Le sous-lieutenant d’aviation N.R.D. Dick dans le cockpit de son Spitfire.
Service d’imagerie de la Défense nationale, PL 4561.

En plongeant, j’ai vu un Me 109F qui attaquait Jaune 3 par l’arrière et j’ai tiré une salve de 2 secondes à 400 pieds; mais j’ai manqué la cible et l’appareil ennemi s’est dégagé par un demi-tonneau à gauche. J’étais alors à 24 000 pieds en direction nord et j’ai procédé à un virage ascendant serré vers la droite. J’ai vu alors 3 Me. 109F alignés de front, volant à une altitude supérieure, 26 000 pieds, en direction de l’est. J’ai tiré une deuxième salve de 7 secondes à 250 yards de distance contre l’appareil du centre et une épaisse fumée noire est sortie du ventre.

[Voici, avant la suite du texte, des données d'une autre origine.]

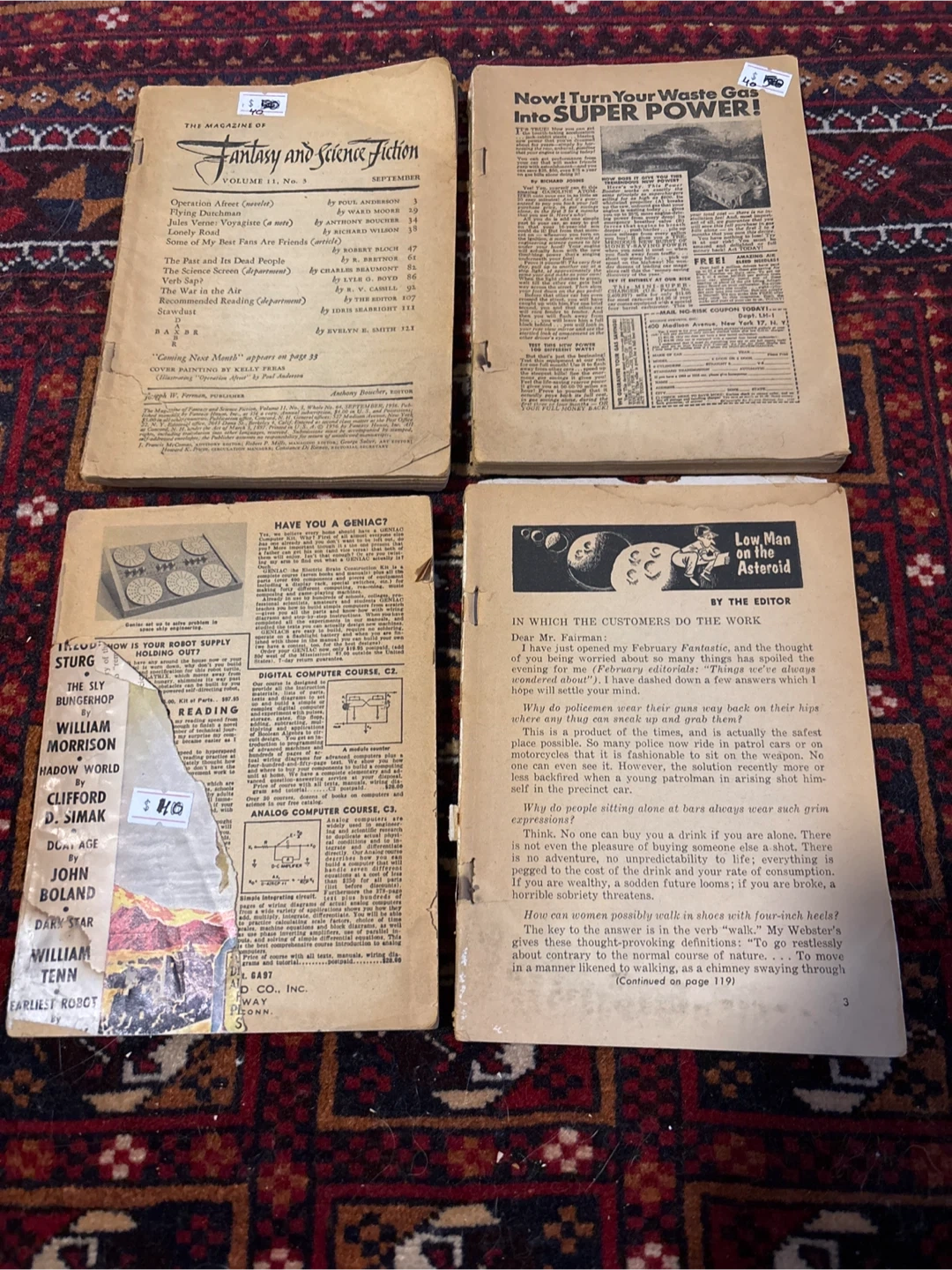 Selling a collection of vintage science fiction magazines. These are great for collectors or anyone interested in the history of science fiction literature. They show signs of age, but are still readable and interesting!

J’ai vu des balles traçantes frapper le cockpit et le fuselage, et j’ai alors lâché une autre salve de 2 secondes à 75 yards : l’appareil ennemi a explosé et est tombé en vrille, en flammes. Les deux autres appareils ennemis ont alors disparu en plongeant vers le sud. J’étais alors seul et ne pouvais apercevoir aucun de nos appareils. J’allais me diriger vers ma base quand j’al aperçu 6 Me 109 dans le soleil à 2 000 pieds au-dessus de moi, se dirigeant nord-ouest en formation peu serrée. Je me suis mis à couvert dans les nuages et, gagnant la côte vers Gravelines, j’ai aperçu un Spitfire à 1 000 pieds au-dessus de moi, à environ 18 000 pieds d’altitude, qui était attaqué sur le quart arrière droit par un Me 109F.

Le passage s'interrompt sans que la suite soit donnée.